When the Pontifical Council for Justice and Peace called a Consultation on Climate Change at the Vatican in 2007, more than half of the invited guests were climate change deniers. Eminent scientists and archbishops were ridiculed by a selected group of lobbyist from the fossil fuel industry and acolytes from some universities. Thank God for new direction under the leadership of Pope Francis given in his encyclical Laudato Si'.

Often in the English world and churches, climate change denial is a real problem. Vested interests play on the scientific ignorance of many voters. They finance campaigns of fear to undermine carbon trading methods as they did in Australia. In John 8:44 Jesus called the devil the 'father of lies'.
 
Care for the Earth is a spiritual pathway. Pope Francis reminded us of words of previous Popes saying we are to undergo an 'ecological conversion' and expand our baptismal calling to include an 'ecological vocation'. It is no mere pious action that Pope Francis finished his encyclical Laudato Si’ with a prayer for the Earth.

Advent is a liturgical time when all believers are called to remember the actions of God in preparing for the coming of Jesus the Christ - cosmic revelations and diverse religious expressions. Lent is a time to turn back to God with all our hearts. Maybe the time has come to develop the month of September as a Season of Creation? Pope Francis has named 1 September as a special day and given us at least three major graces to remember and celebrate - all creation as revelation; the integrity in itself of every bit of creation; the call to communion between every creature, God and ourselves.

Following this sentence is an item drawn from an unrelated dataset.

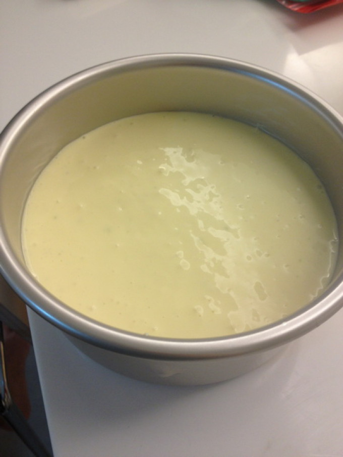 烤好後取出(還不要脫模),完全涼透在表面封上保鮮膜,放冰箱冷藏3-4小時
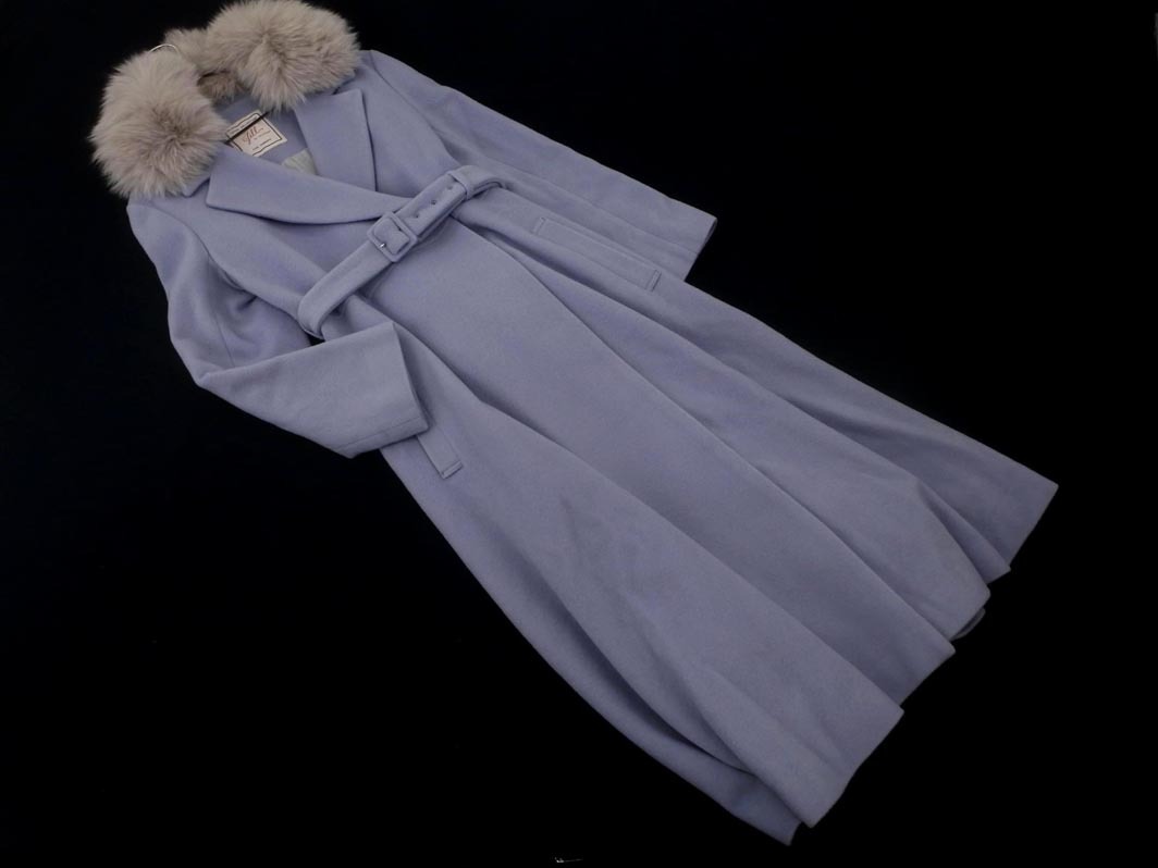 - JILLSTUART ジルスチュアート ウール混 フォックスファーカラー ロング コート sizeM/ブルー ◇■ ☆ fjb0 レディース

Why are Columbans in Paris?  To celebrate that - inspired by the mission churches where they worked - in 1988 the Columban Society put 'Care for the Earth' into its Constitutions; to join in solidarity with all peoples as they ask their government leaders to face the climate change crisis with immediate worldwide agreements implemented with strong local national laws.

The Columban representatives in Paris will be Australian Fr Charles Rue and, from Britain’s Columban JPIC team, Ellen Teague and Julia Corcoran.